- Your goal: An identical copy of all records below is to be written out.

- Available data:
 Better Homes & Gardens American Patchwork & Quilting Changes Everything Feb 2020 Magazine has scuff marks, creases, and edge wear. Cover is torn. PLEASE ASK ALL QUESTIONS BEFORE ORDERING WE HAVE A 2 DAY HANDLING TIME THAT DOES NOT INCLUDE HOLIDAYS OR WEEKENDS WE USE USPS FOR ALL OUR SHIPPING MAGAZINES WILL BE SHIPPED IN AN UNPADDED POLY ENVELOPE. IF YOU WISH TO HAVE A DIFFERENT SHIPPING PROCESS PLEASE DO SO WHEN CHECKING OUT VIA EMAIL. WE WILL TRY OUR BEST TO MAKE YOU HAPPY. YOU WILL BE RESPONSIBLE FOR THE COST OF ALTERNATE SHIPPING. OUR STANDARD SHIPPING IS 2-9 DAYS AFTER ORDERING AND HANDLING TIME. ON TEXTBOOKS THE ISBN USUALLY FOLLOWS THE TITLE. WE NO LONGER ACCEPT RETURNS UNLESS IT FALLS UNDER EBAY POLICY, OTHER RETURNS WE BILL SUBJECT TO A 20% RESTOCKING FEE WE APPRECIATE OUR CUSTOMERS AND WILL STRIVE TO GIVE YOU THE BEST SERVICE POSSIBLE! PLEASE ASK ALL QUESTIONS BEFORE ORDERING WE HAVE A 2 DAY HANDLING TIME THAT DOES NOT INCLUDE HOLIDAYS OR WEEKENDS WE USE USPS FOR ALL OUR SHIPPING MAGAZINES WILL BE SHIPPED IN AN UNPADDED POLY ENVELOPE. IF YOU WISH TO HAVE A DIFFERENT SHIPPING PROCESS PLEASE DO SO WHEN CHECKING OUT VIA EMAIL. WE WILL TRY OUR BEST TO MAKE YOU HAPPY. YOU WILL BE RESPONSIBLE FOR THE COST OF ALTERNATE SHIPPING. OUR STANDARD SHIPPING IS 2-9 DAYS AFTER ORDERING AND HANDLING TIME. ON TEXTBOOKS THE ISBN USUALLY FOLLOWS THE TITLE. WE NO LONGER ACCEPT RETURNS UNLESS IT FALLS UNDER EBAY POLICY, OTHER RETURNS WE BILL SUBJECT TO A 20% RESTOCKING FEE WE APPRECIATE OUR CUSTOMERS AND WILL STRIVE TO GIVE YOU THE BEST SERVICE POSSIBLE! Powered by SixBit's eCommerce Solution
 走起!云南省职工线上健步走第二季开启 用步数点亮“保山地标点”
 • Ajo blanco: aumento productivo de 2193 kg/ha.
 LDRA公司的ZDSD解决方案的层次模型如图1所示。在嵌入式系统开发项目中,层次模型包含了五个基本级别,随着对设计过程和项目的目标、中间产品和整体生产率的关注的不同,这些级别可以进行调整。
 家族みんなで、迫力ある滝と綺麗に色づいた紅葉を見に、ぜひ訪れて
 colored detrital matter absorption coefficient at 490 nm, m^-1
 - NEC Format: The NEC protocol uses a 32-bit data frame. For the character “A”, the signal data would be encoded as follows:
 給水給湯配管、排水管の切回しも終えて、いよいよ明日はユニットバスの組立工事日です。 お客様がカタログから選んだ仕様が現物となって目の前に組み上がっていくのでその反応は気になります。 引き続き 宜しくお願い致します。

- Exercise solution:
 Better Homes & Gardens American Patchwork & Quilting Changes Everything Feb 2020 Magazine has scuff marks, creases, and edge wear. Cover is torn. PLEASE ASK ALL QUESTIONS BEFORE ORDERING WE HAVE A 2 DAY HANDLING TIME THAT DOES NOT INCLUDE HOLIDAYS OR WEEKENDS WE USE USPS FOR ALL OUR SHIPPING MAGAZINES WILL BE SHIPPED IN AN UNPADDED POLY ENVELOPE. IF YOU WISH TO HAVE A DIFFERENT SHIPPING PROCESS PLEASE DO SO WHEN CHECKING OUT VIA EMAIL. WE WILL TRY OUR BEST TO MAKE YOU HAPPY. YOU WILL BE RESPONSIBLE FOR THE COST OF ALTERNATE SHIPPING. OUR STANDARD SHIPPING IS 2-9 DAYS AFTER ORDERING AND HANDLING TIME. ON TEXTBOOKS THE ISBN USUALLY FOLLOWS THE TITLE. WE NO LONGER ACCEPT RETURNS UNLESS IT FALLS UNDER EBAY POLICY, OTHER RETURNS WE BILL SUBJECT TO A 20% RESTOCKING FEE WE APPRECIATE OUR CUSTOMERS AND WILL STRIVE TO GIVE YOU THE BEST SERVICE POSSIBLE! PLEASE ASK ALL QUESTIONS BEFORE ORDERING WE HAVE A 2 DAY HANDLING TIME THAT DOES NOT INCLUDE HOLIDAYS OR WEEKENDS WE USE USPS FOR ALL OUR SHIPPING MAGAZINES WILL BE SHIPPED IN AN UNPADDED POLY ENVELOPE. IF YOU WISH TO HAVE A DIFFERENT SHIPPING PROCESS PLEASE DO SO WHEN CHECKING OUT VIA EMAIL. WE WILL TRY OUR BEST TO MAKE YOU HAPPY. YOU WILL BE RESPONSIBLE FOR THE COST OF ALTERNATE SHIPPING. OUR STANDARD SHIPPING IS 2-9 DAYS AFTER ORDERING AND HANDLING TIME. ON TEXTBOOKS THE ISBN USUALLY FOLLOWS THE TITLE. WE NO LONGER ACCEPT RETURNS UNLESS IT FALLS UNDER EBAY POLICY, OTHER RETURNS WE BILL SUBJECT TO A 20% RESTOCKING FEE WE APPRECIATE OUR CUSTOMERS AND WILL STRIVE TO GIVE YOU THE BEST SERVICE POSSIBLE! Powered by SixBit's eCommerce Solution
 走起!云南省职工线上健步走第二季开启 用步数点亮“保山地标点”
 • Ajo blanco: aumento productivo de 2193 kg/ha.
 LDRA公司的ZDSD解决方案的层次模型如图1所示。在嵌入式系统开发项目中,层次模型包含了五个基本级别,随着对设计过程和项目的目标、中间产品和整体生产率的关注的不同,这些级别可以进行调整。
 家族みんなで、迫力ある滝と綺麗に色づいた紅葉を見に、ぜひ訪れて
 colored detrital matter absorption coefficient at 490 nm, m^-1
 - NEC Format: The NEC protocol uses a 32-bit data frame. For the character “A”, the signal data would be encoded as follows:
 給水給湯配管、排水管の切回しも終えて、いよいよ明日はユニットバスの組立工事日です。 お客様がカタログから選んだ仕様が現物となって目の前に組み上がっていくのでその反応は気になります。 引き続き 宜しくお願い致します。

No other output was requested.